LUIS DE MONTALVOR
(1891-1947)
Luís de Montalvor (S. Vicente, Cabo Verde, 31 de Janeiro de 1891, Lisboa, 2 de Março de 1947) é o pseudónimo do poeta português Luís de Montalvor, pseudónimo de Luís Filipe de Saldanha da Gama da Silva Ramos, poeta e editor português . [ Luiz de Montalvor ; Modernismo ]

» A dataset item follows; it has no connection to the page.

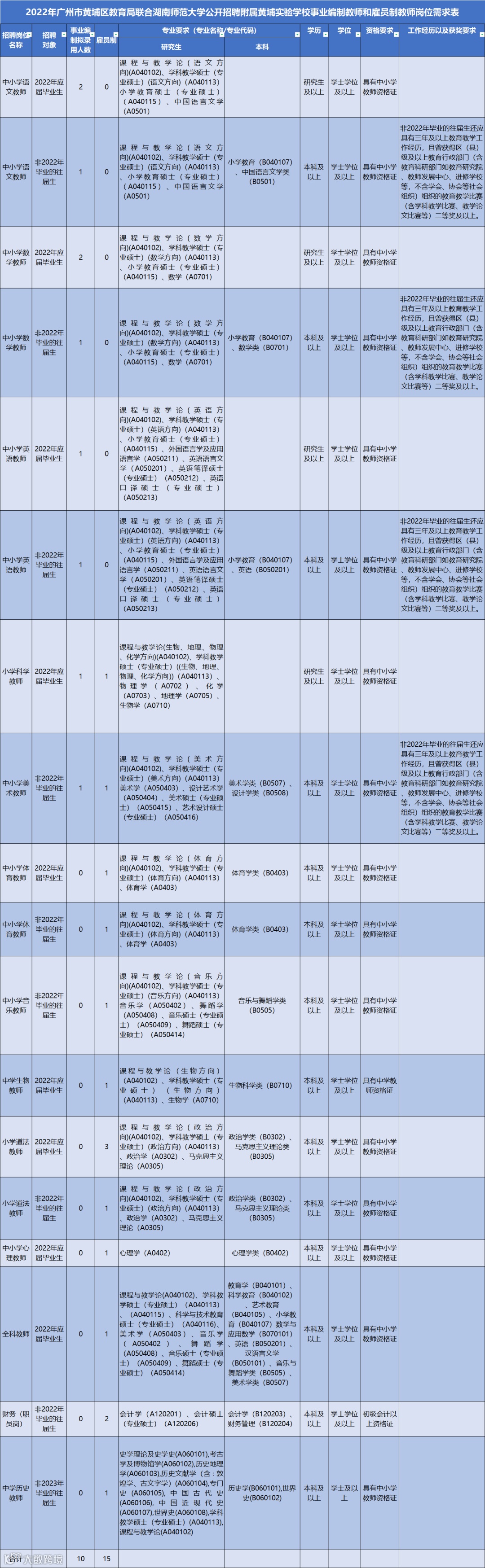 附属黄埔实验学校事业编制教师10名、

Fundou as revistas Orpheu, em 1915, e Centauro, em 1916, e foi colaborador das revistas Atlântida (1915-1920) , Contemporânea (1915-1926) e Sudoeste (1935)
CANÇÃO
Da Walhala modelado,
o bárbaro surgia
às portas de Bizâncio
à hora em que floria
a latina Blasfémia
pelas salas ignotas.
Senhor! Senhor! Que os bárbaros
forçam as áureas portas!
E, forçadas, puseram rosas, rosas
nas cabeças hirsutos e temidos,
exangues do perfume dos cadáveres
daqueles velhos Deuses abolidos.
— E tais, que se tornando adolescentes,
débeis, por entre as chamas de um tesouro,
espectrais, foram deixando pelas portas
sinais pintados dos seus dedos de ouro!
ÉCLOGA
Meus pensamentos são rebanhos:
estremalhados uns, e tristes
outros pastoreiam seus cuidados.
Sonho vê-los, quando sorriste
daquela margem imaginária
tão só dos sonhos imortais,
à hora em que a flauta débil
suspira os seus fingidos ais.
E é de ouro a hora em que te espero
nesta paisagem que mentiste,
perdidos os rebanhos meus
na errada calma em que sorriste.
— E hoje, morto o sonho, deploro
dos meus cuidados o remédio,
e só o teu sorriso imploro,
ó guardadora do meu tédio!
in "Presença"
CANÇÃO
Cortina verde a abanar
ao correr do doce frio,
pudesse a mão que te move
suster meu sonho vazio.
Pudesse de qualquer modo
que tu és, sê-lo também:
cortina verde a abanar,
sem a imagem de ninguém.,
Puro contorno ideal
de cousa inexistente —
pudesse o sonho que sonho
ser o meu ser de contente.
Que a sem razão que te move,
— cortina verde a abanar
pra além das margens do rio —
é a sem razão de sonhar
ao correr do doce frio.
in "Presença"
Ninfas! vós penteais o pavor à janela
da minha alma através a hora sombria e bela.
Coroas não serão sobre mim as de flores
que desfolhais, mas brancos braços de amores
que abrem noturnamente e num país sem dia...
Sois o sonho de mim ao colo da alegria!
*
Flauta débil e ligeira, recorta em sonho
Teu ser antigo e triste. Dá-me às coisas e a mim
Um ar de Deus e o teu modo de ser pensante,
Teu modo que está por detrás de ti.
Ah! plange e chora na minha voz comigo:
Plange divina e bucolicamente!
Traduz-me às coisas por outro modo que
Não seja eu... Ó flauta débil e ligeira!
Traz-me as horas pálidas do desconforto,
Traz-me os sonhos presos nos teus ecos...
Alivia-me a vida com o teu sopro vago
De ilusão, ó ternura sem par! horto
De embriaguez! Jardim suspenso de tristezas!
Solitário instrumento de cisma antiga,
Mãe fingida, lacrimosa de todas as coisas,
Solta as asas de alegria sobre a vida!
Põe uma pausa de pensar nesta paisagem:
(Um vácuo de ser em nós próprios),
Um alheamento de almas na penumbra,
Vago esboço de céus falhados, caídos,
— Gesto de tatearmos com a nossa própria sombra.
Pontua a realidade e deixa-me esse momento
Em que somos uma breve paragem no além:
— Estrangeiros entre os sentidos e o acordarmos...
Encosta-me ao seio das horas descuidadas
E que no frio sono durma o perfil de um Deus.
in "Sudoeste", 1935
MEIRELES, Cecília. Poetas Novos de Portugal. Seleção e prefácio de Cecília Meireles. Rio de Janeiro: Dois Mundos Editora Ltda, 1944. 317 p. ilus. p&b. 14 x 21 cm. Coleção Clássicos e Contemporâneos, dirigida por Jaime Cortesão. Encadernado, 250 exs.
Ex. bibl. Antonio Miranda
“Fundador de “Orpheu”, que no ano seguinte de sua fundação tentaria a revista “Centauro”, pertence mais — já se tem dito — à estirpe do simbolismo francês. Uma extraordinária elegância de forma, a serviço de discreta e comovida ternura, a escolha de temas vagos e imaterializados, dão-lhe um lugar aparte entre os seus contemporâneos.”